Source records:
◇ ◇ ◇
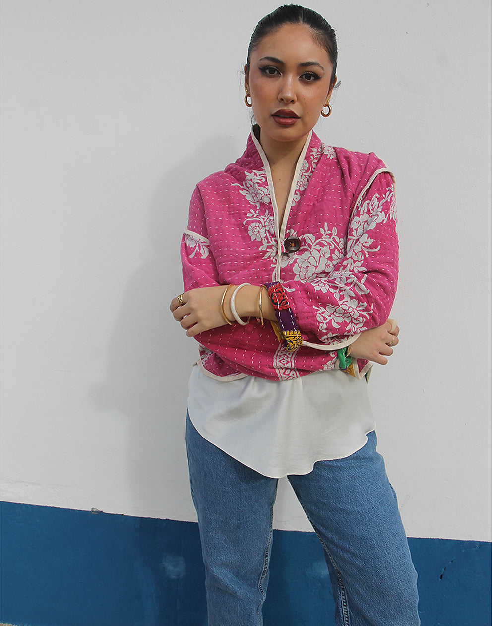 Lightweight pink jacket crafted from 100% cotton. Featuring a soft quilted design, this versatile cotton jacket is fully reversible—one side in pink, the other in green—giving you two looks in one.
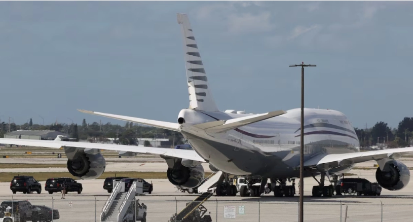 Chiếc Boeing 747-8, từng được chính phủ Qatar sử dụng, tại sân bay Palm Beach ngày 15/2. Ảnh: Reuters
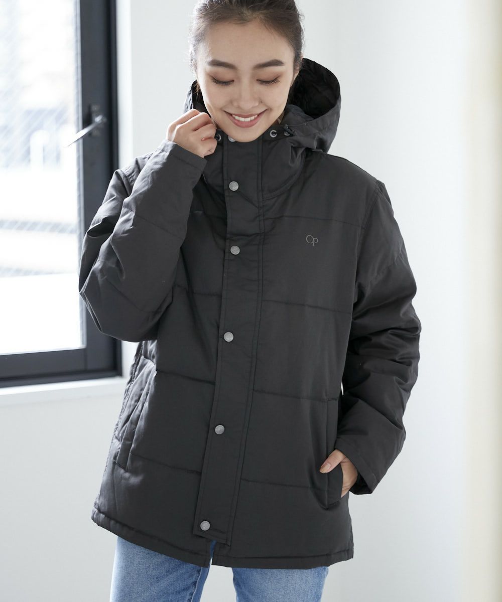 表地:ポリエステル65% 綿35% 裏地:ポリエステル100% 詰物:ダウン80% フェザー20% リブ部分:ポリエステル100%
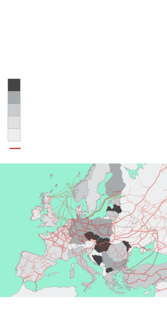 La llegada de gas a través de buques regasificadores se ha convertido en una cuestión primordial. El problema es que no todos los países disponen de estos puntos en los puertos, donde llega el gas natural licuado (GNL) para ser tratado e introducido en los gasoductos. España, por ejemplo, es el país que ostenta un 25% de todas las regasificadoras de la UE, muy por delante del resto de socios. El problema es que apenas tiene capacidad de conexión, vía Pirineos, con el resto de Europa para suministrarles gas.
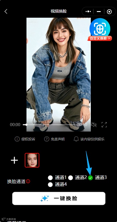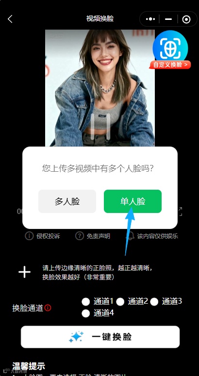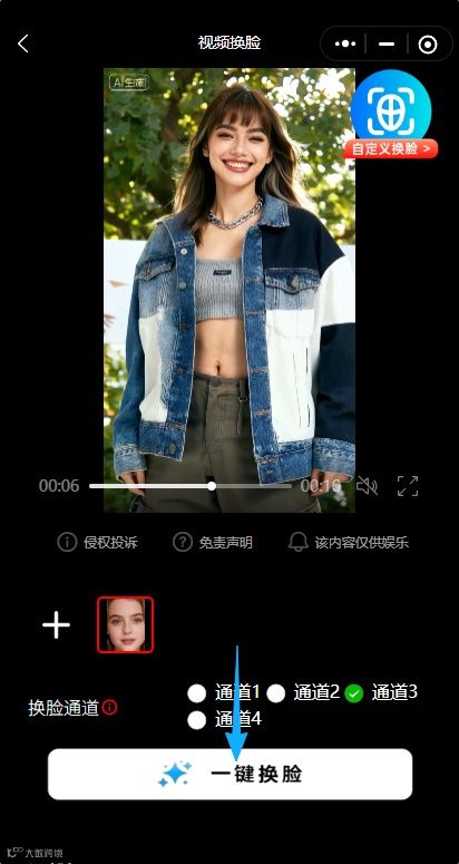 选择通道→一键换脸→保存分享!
◇ ◇ ◇
WHAT IS EXPECTED:
Repeat exactly, please: transcribe each entry and leave out the pictures.

TASK RESULT:
 Lightweight pink jacket crafted from 100% cotton. Featuring a soft quilted design, this versatile cotton jacket is fully reversible—one side in pink, the other in green—giving you two looks in one.
 Chiếc Boeing 747-8, từng được chính phủ Qatar sử dụng, tại sân bay Palm Beach ngày 15/2. Ảnh: Reuters
 表地:ポリエステル65% 綿35% 裏地:ポリエステル100% 詰物:ダウン80% フェザー20% リブ部分:ポリエステル100%
 La llegada de gas a través de buques regasificadores se ha convertido en una cuestión primordial. El problema es que no todos los países disponen de estos puntos en los puertos, donde llega el gas natural licuado (GNL) para ser tratado e introducido en los gasoductos. España, por ejemplo, es el país que ostenta un 25% de todas las regasificadoras de la UE, muy por delante del resto de socios. El problema es que apenas tiene capacidad de conexión, vía Pirineos, con el resto de Europa para suministrarles gas.
 选择通道→一键换脸→保存分享!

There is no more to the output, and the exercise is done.